SVUSD Public Information Officer Valerie Weller said the academy will run June 7-July 16, Monday through Friday, with registration opening March 31.
“The Summer Academy is designed to offer remediation opportunities for students who need it and enrichment opportunities for those that want it,” said Weller in an email. “We know that this past year has been difficult and the Summer Academy is our way of thanking our students and parents for their support by offering this opportunity to brush up on needed skills and have some fun along with way.”
Weller said the academy is free for all students who live within SVUSD boundaries. It is open to students who reside outside of the district, but they will have a $300 enrollment fee and will have to provide their own transportation.
SVUSD plans to host the Summer Academy at Bella Vista Elementary, Carmichael Elementary, Town & Country Elementary, Village Meadows Elementary, Joyce Clark Middle School and Buena High School.
“The elementary sites may change based on enrollment but our hope is to have enough students enroll where all four sites will be open,” said Weller.

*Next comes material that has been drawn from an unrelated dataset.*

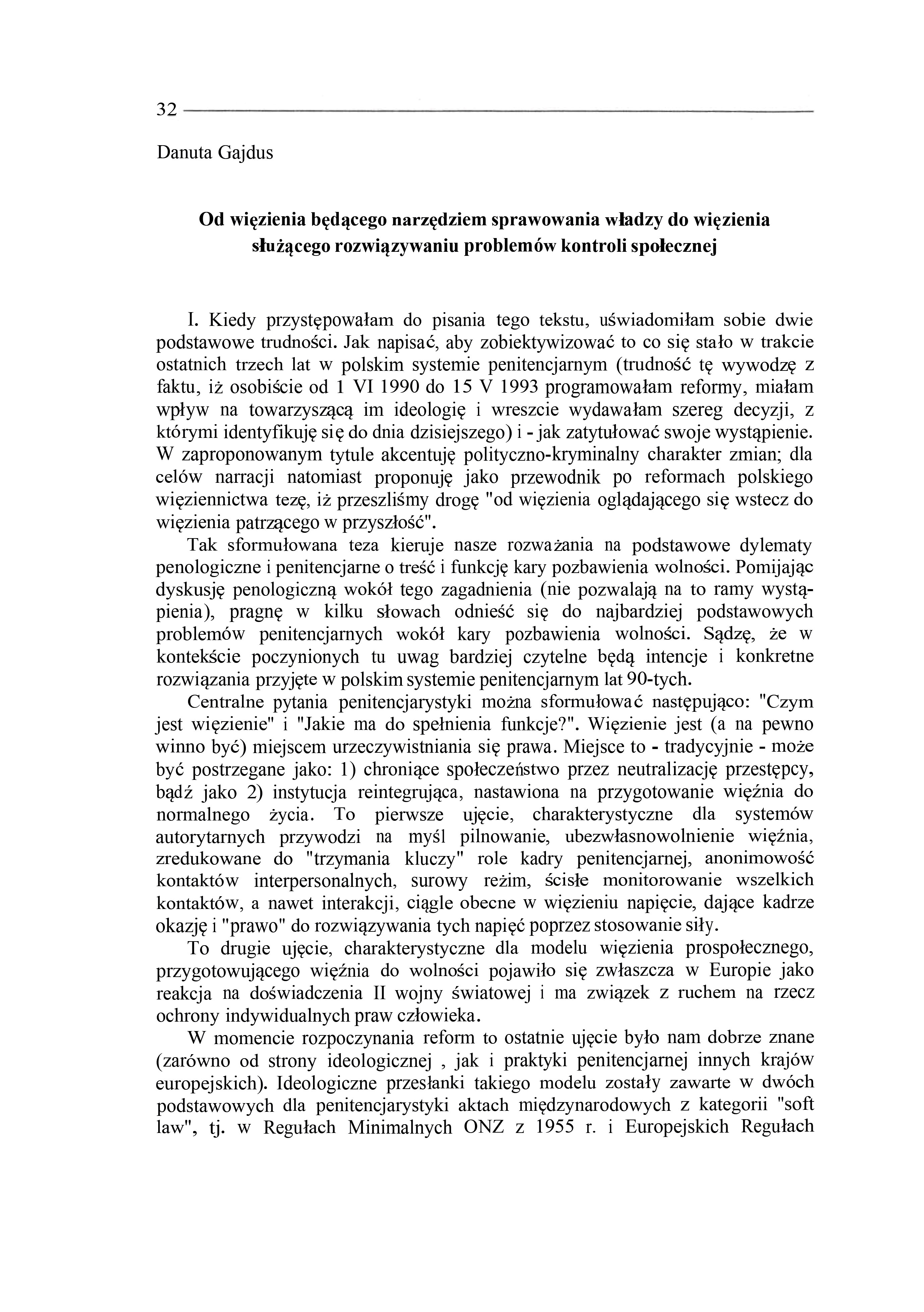 Centralne pytania penitencjarystyki można sformułować następująco: "Czym jest więzienie" i "Jakie ma do spełnienia funkcje?". Więzienie jest (a na pewno winno być) miejscem urzeczywistniania się prawa.
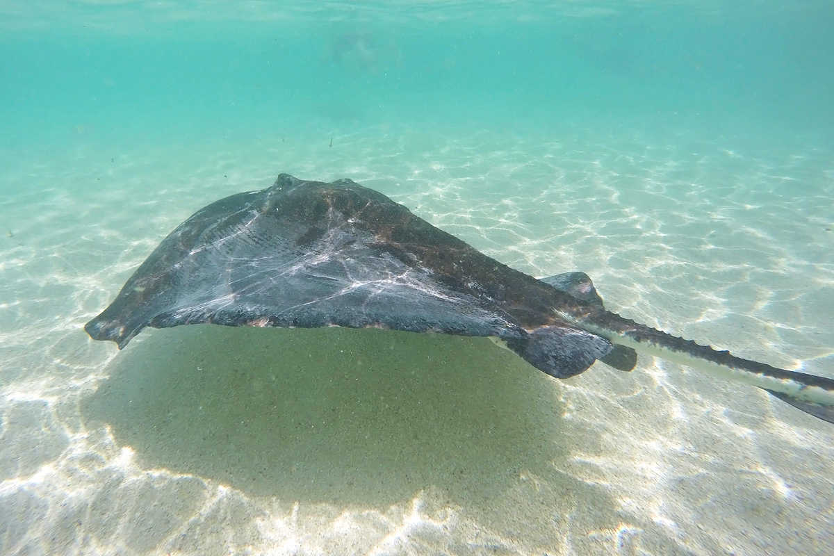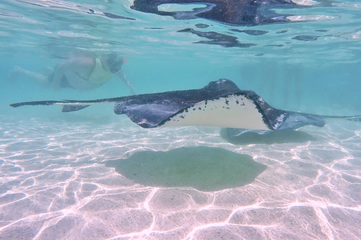Für Mittag hatten wir einen Ausflug gebucht. Es ging mit dem Kleinbus auf die andere Seite der Insel zu einem Gebiet in dem viele Rochen leben. Mit dem Boot wurden wir zu einer Sandbank rausgefahren, wo wir mit den majestätischen Fischen schnorcheln konnten:

Weller said specific times will be assigned for elementary, middle and high school students to attend the enrichment and remediation classes.

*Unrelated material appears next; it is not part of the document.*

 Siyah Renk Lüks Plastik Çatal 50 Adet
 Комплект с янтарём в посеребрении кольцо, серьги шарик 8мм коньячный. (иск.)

“Elementary academy will be from 8:30 a.m.-2 p.m., middle school 8:50 a.m.-2:30 p.m. and high school from 9:20 a.m.-3 p.m.,” said Weller. “Each day will be divided into four periods and accommodate a lunch period and recess time. There will also be breakfast offered beginning 30 minutes prior to each start time. Breakfast and lunch will be free to all students for the Summer Academy.”
Weller said the district is working on finalizing the enrichment class schedule, but said it will include instruction on art, sports, dance, technology and music.
“We have several SVUSD employees who have signed up to share their personal passion in enrichment classes and also have several community members who have agreed to teach enrichment classes,” said Weller.
Weller said the district plans on offering courses in art, Zumba, intramural sports, beginning dance, art history, theatre arts, tech/coding, beginning sewing, steel drum/taiko drum, German/Spanish/French cultures through song and dance, culinary arts, band, auto shop and painting/drawing.
Enrichment courses will be offered to students based on their grade level. Weller said the schedule can change depending on enrollment.
Weller said the remediation programs will be offered in math and English language arts for grades K-6.
“We will have credit recovery options at the middle and high school for those students much like the standard summer school program,” said Weller. “Students and parents will be encouraged to take remediation by their teachers in order to help the students succeed.
“Parents and students can also sign up for remediation classes if they just want to brush up on those skills before entering the next grade.”
Funding for the program, excluding transportation fees, is covered by the funds the district received from the Elementary and Secondary School Emergency Relief Fund.
Weller said nearly 700 families expressed interest in the program based on the parent survey the district distributed about the academy.
The district is in the process of interviewing and hiring coordinators for the academy.
Weller said parents will be able to register their children for the academy through the district’s website or through paper forms available at each of the schools within the district.